Se uma maioria absoluta é sinónimo de (alguma) estabilidade política, os deputados do PS entram no novo ano político com três alertas deixados por Augusto Santos Silva. No encerramento do segundo dia das jornadas parlamentares do PS, o socialista eleito pelo círculo Fora da Europa pediu ao seu grupo parlamentar que tenha em mente duas prioridades: não esquecer “o seu próprio eleitorado”, conquistar mais eleitorado jovem e manter o PS unido nas suas duas frentes, a parlamentar e a governativa, para que não se “desperdicem as condições únicas” do partido.
As declarações do socialista surgem num momento em que cada vez mais vozes no PS se têm posicionado contra a decisão do Governo de não avançar com a criação de um imposto para as empresas com lucros extraordinários. “É preciso que o grupo parlamentar e Governo funcionem em harmonia para que possamos ultrapassar as dificuldades económicas”, reiterou.
Num discurso que não durou mais do que dez minutos, Santos Silva defendeu o seu papel enquanto presidente da Assembleia da República e disse que “o tempo” se “encarregará” de mostrar, “a algum deputado ou a alguma deputada que não compreende”, o “respeito que é exigido” no Parlamento em defesa dos que não estão presentes no hemiciclo, sejam eles “portugueses ou estrangeiros a viver em Portugal”, e que os deputados têm “a assumida honra de respeitar”.
E pediu atenção para os portugueses que se sentem “inseguros”, para evitar que sejam “presas fáceis da demagogia e do populismo”, até porque “quem ficar à espera da direita para combater esse populismo pode bem esperar sentado”, dando como exemplo “o que se passou neste domingo na Suécia” e o caso italiano para afirmar que “só a esquerda democrática consegue fazer esse debate”.
Santos Silva pediu ainda ao PS que não esqueça a sua “própria base eleitoral política e social”. “Somos os representantes das classes populares e médias em todo o território nacional, que querem um Portugal bem integrado na Europa, um país democrático, livre, inclusivo, que acolhe bem os estrangeiros e quer um Governo moderado”, disse.

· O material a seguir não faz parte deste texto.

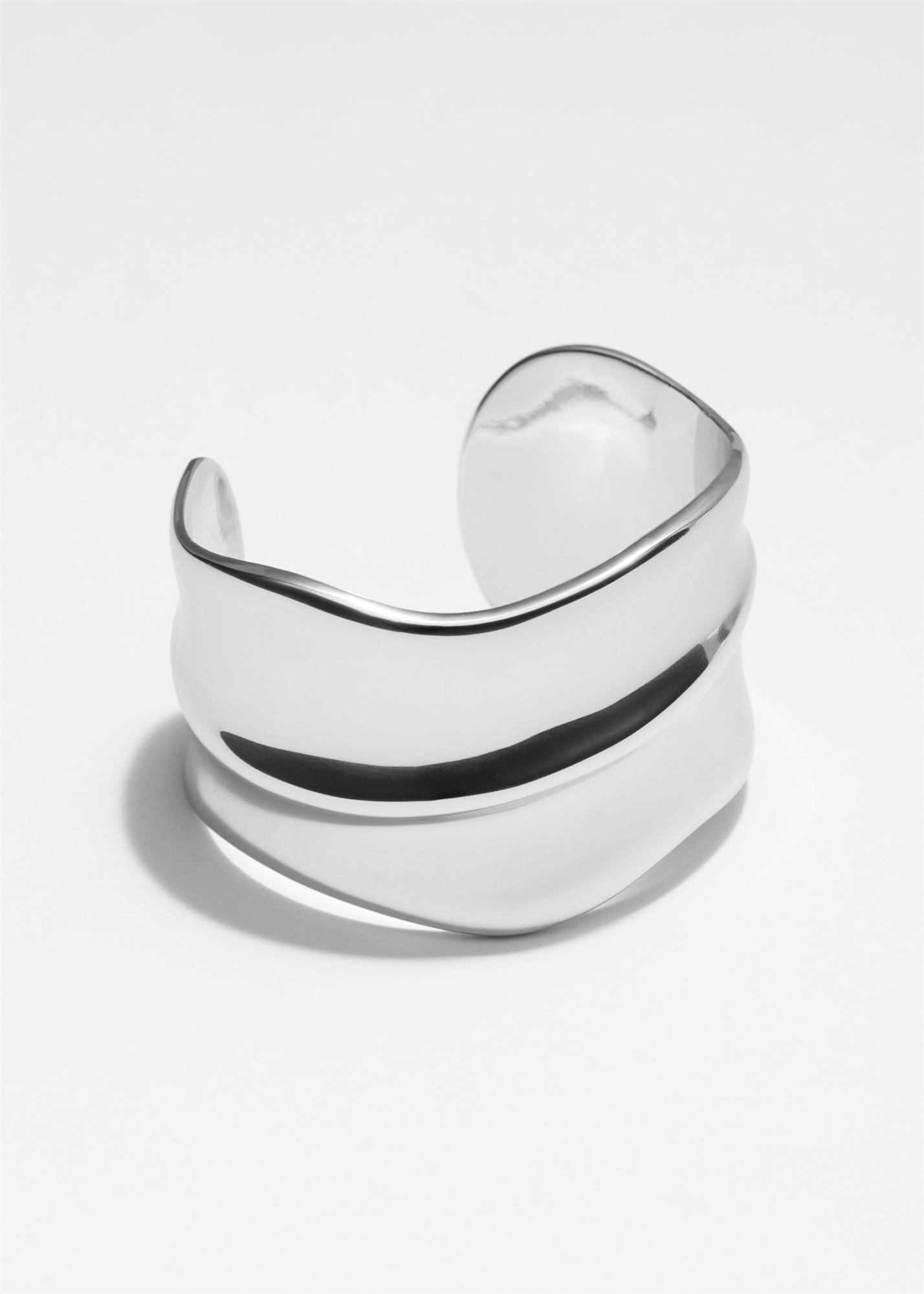 Этот браслет-манжета изготовлен из полированной латуни золотистого тона и имеет скульптурную волнистую форму, красиво обрамляющую запястье.
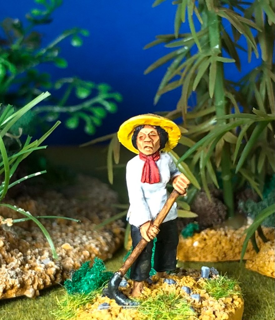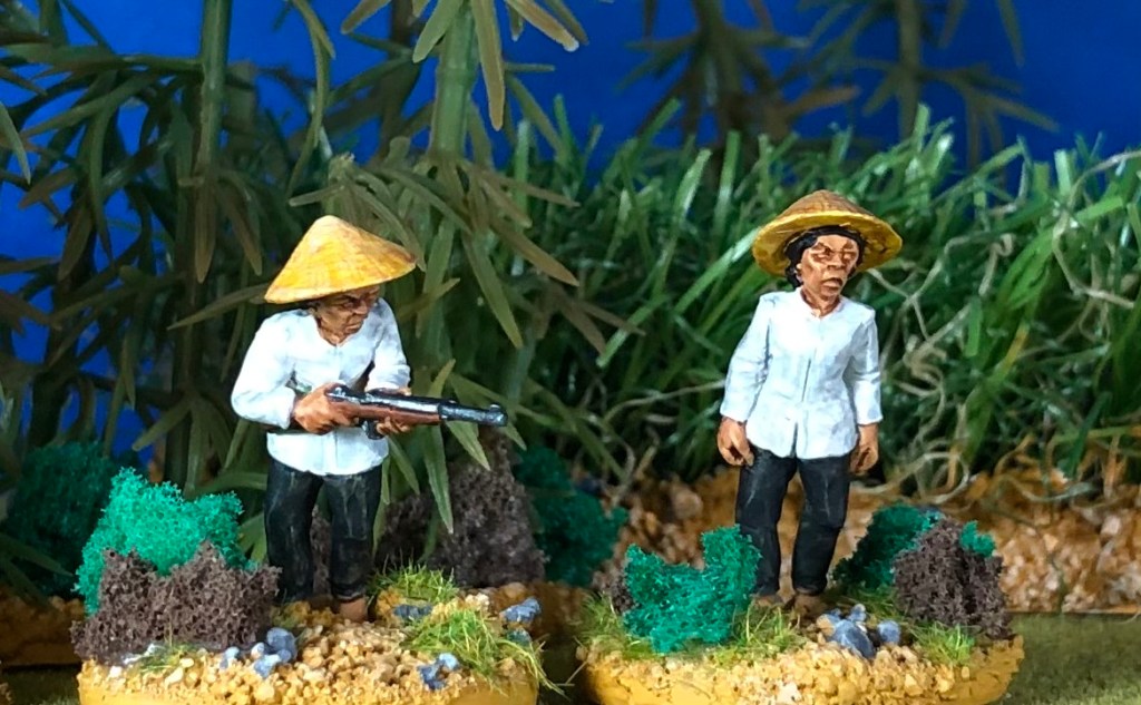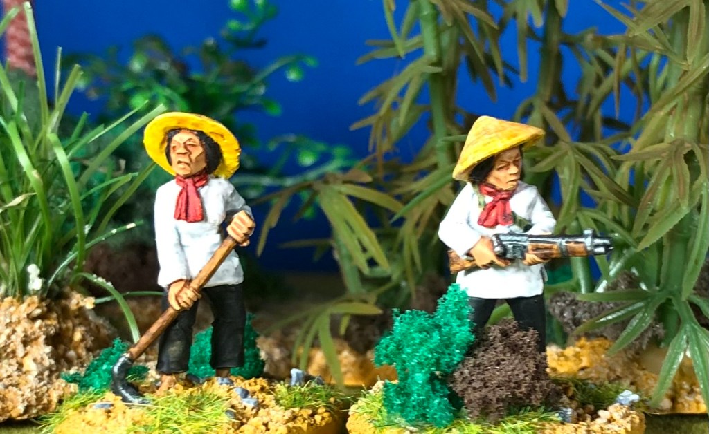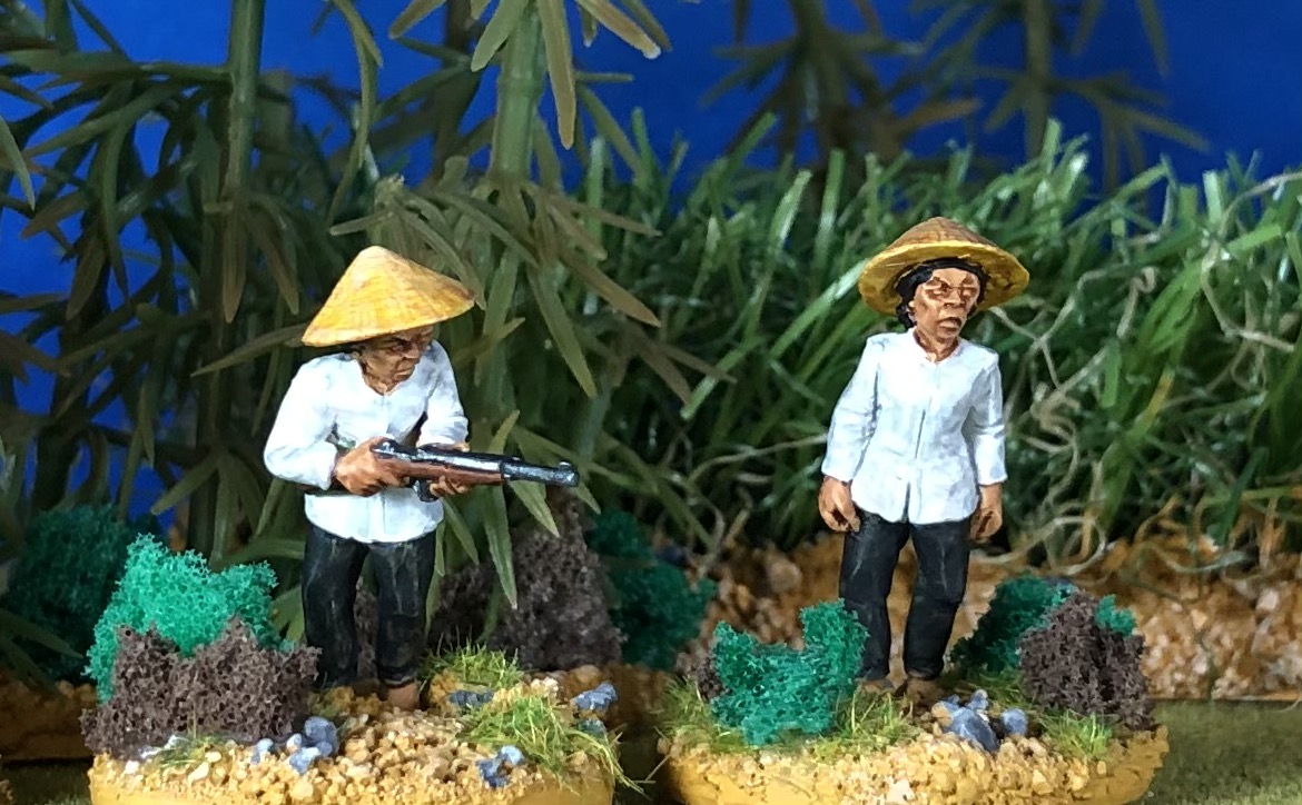 Here is another VC soldier with the traditional vietnamese “No’n La’ ” headgear. The head is from Empress as is the body of the figure.
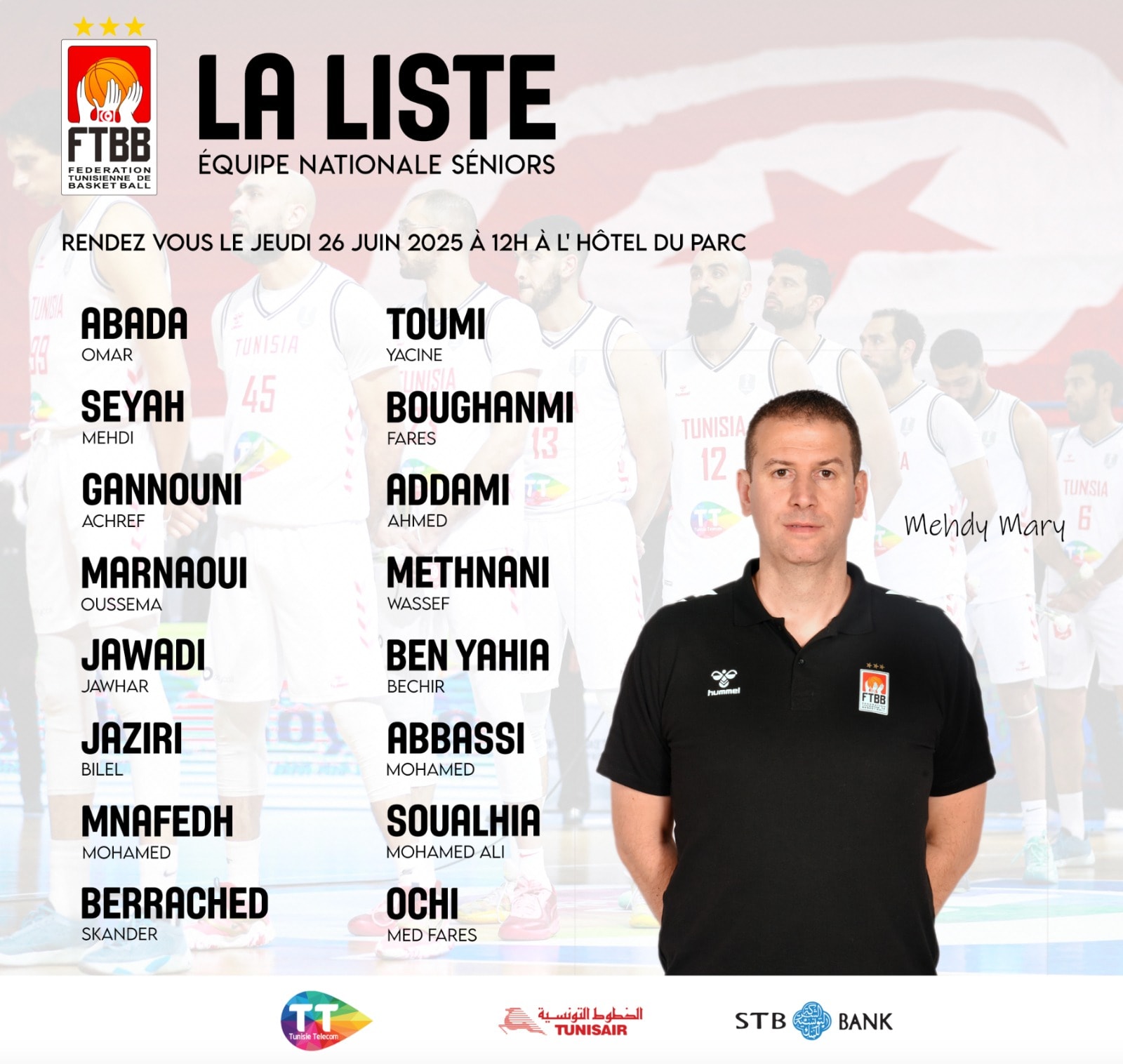 Le sélectionneur tunisien Mahdy Mary a fait appel aux joueurs suivants :
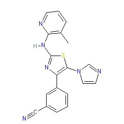 | SMILES | Cc1cccnc1Nc1nc(-c2cccc(C#N)c2)c(-n2ccnc2)s1 |
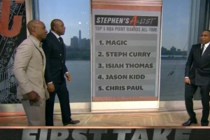 体育资讯6月13日讯 今天,NBA名嘴A-史密斯在《First Take》节目中当着魔术师的面分享了自己心目中的历史前五控卫。
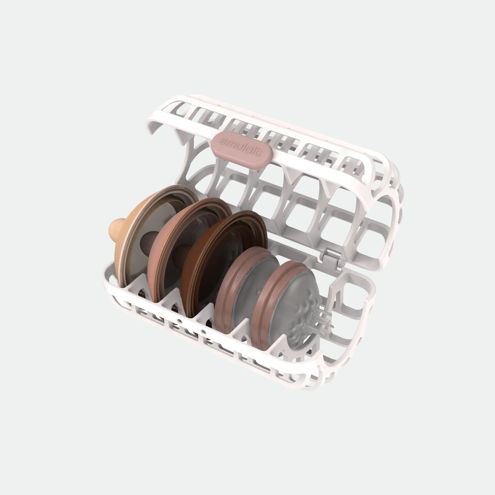 The Dishwasher Basket can hold Emulait nipples (6), pacifiers, responsive flow valves and breast pump adapters.
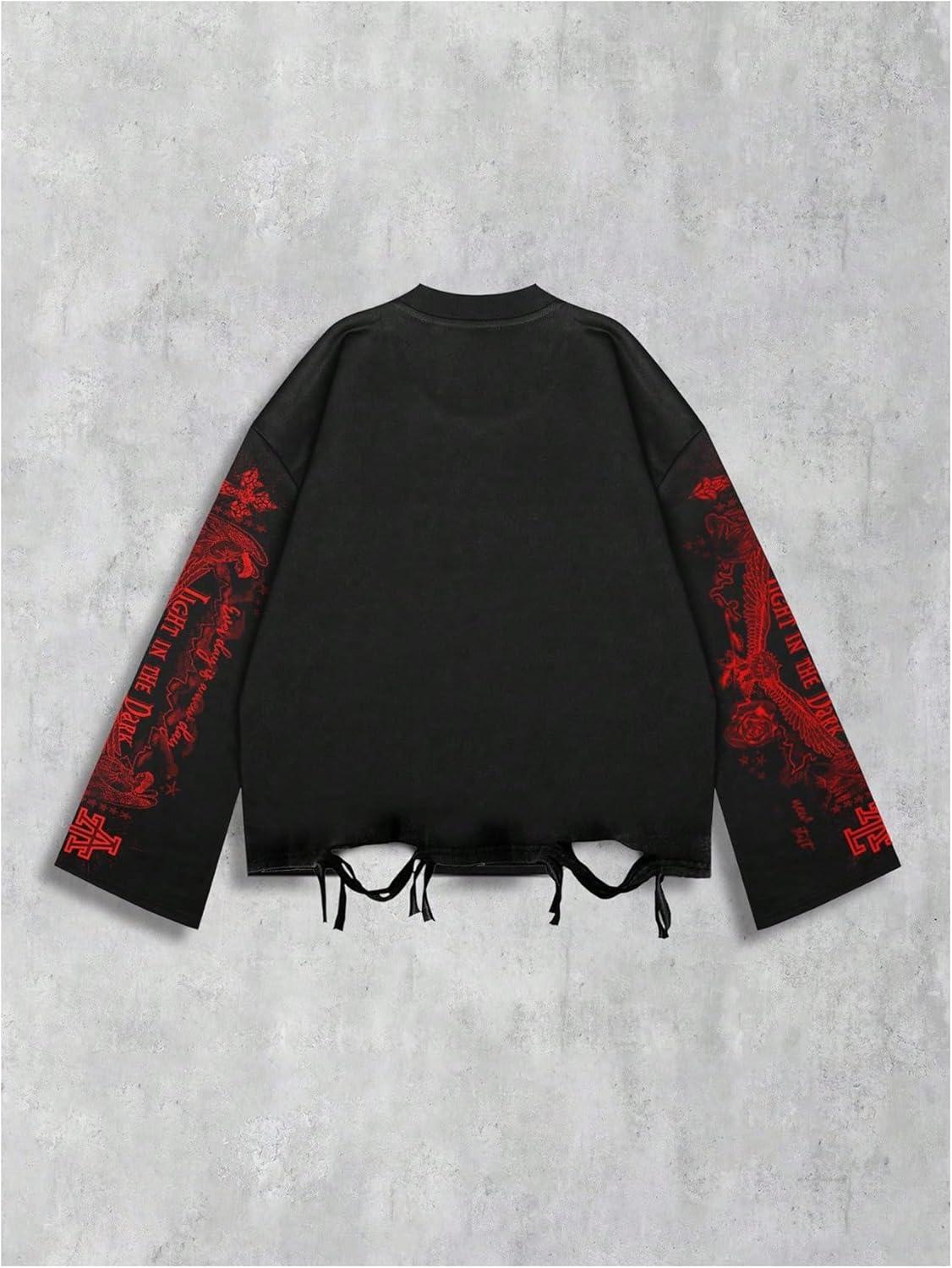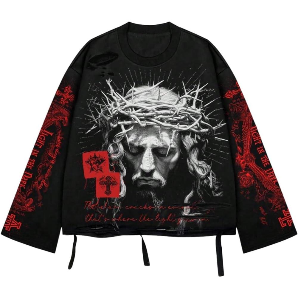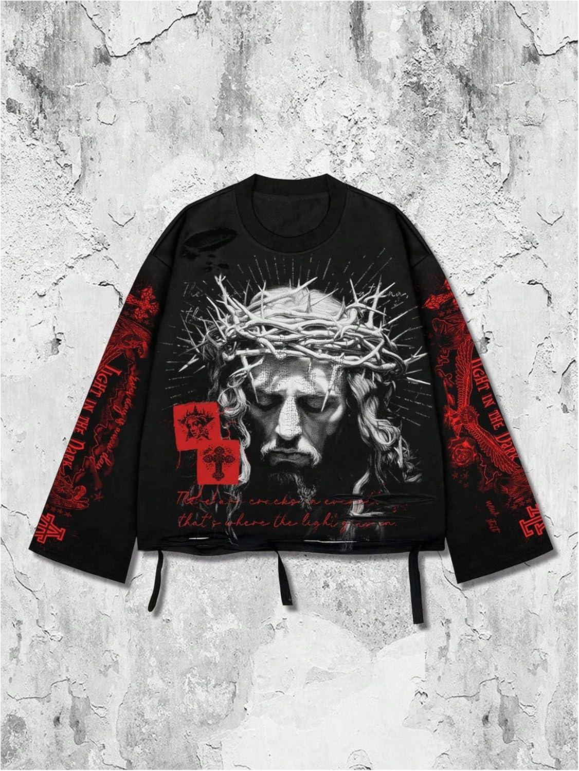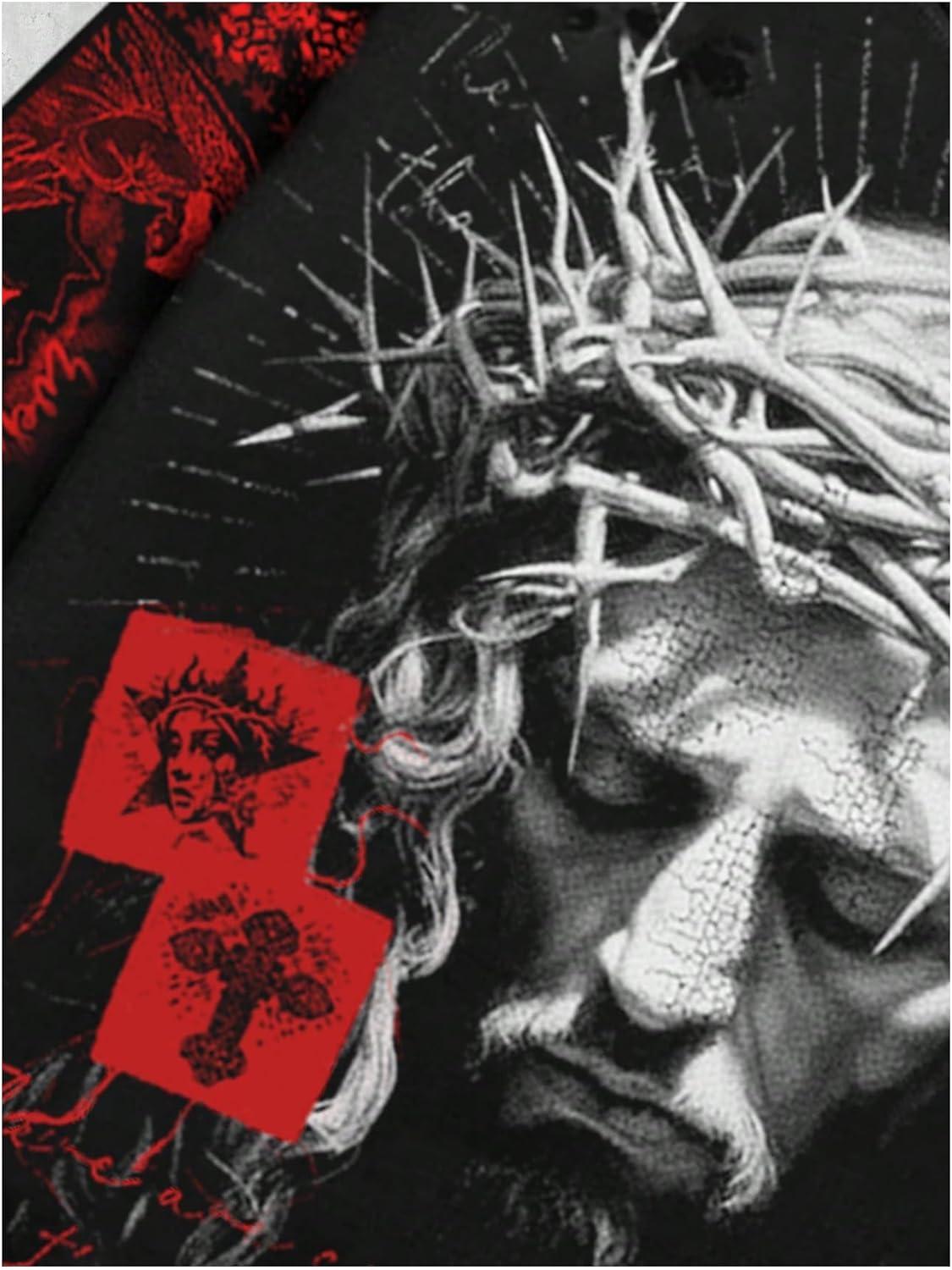 SOLY HUX Men’s Goth Graphic Tees Grunge Jesus Long Sleeve Shirts Crew Neck Hip Hop Tops Streetwear(Black Red Graphic)
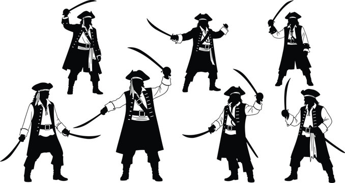 Pirate silhouettes set, a vector illustration collection of buccaneers, corsair figures with swords, isolated fighting stances, Caribbean character icons.

E pediu “especial atenção” para aqueles que “trabalham, mas vivem perto do limiar da pobreza, sentem insegurança nos seus bairros, nos seus empregos e no ambiente geral de conflitualidade e guerra”, e cujas “angústias e problemas não podem ser ignorados”.
O ex-ministro dos Negócios Estrangeiros afirmou que tem respeitado o debate “vivo, franco, confrontacional quando deve ser, mas com o respeito, a cordialidade e a civilidade necessária”. “Asseguro que o debate vivo se faça no respeito pelos valores democráticos. Se algum deputado não compreende isso, o tempo se encarregará de fazer com que ela ou ele o compreenda”, disse.
Sem referir nomes de qualquer deputado ou partido, Santos Silva disse que o seu objectivo “se resume numa frase: cumprir as obrigações constitucionais e regimentais”. “Não faço mais do que isso nem menos do que isso. Nunca farei mais do que isso nem menos do que isso”, insistiu.
Além da sua base eleitoral, Santos Silva pediu que se faça “cada vez mais” pelas “jovens famílias das classes médias portugueses que, por circunstâncias, estão ligadas ao mercado de arrendamento, à competitividade das empresas portuguesas, às relações de trabalho em Portugal, estão hoje numa posição de bastante vulnerabilidade”. “Não percam tempo com aquilo que não merece que nós ocupemos o nosso tempo”, concluiu, antes de os jornalistas serem convidados a sair da sala para que os deputados jantassem sem a presença da comunicação social. No hall do hotel, ia sendo montada uma pista de dança.
As jornadas parlamentares do PS terminam esta terça-feira, na Nazaré, com uma intervenção de Ana Catarina Mendes, ministra dos Assuntos Parlamentares.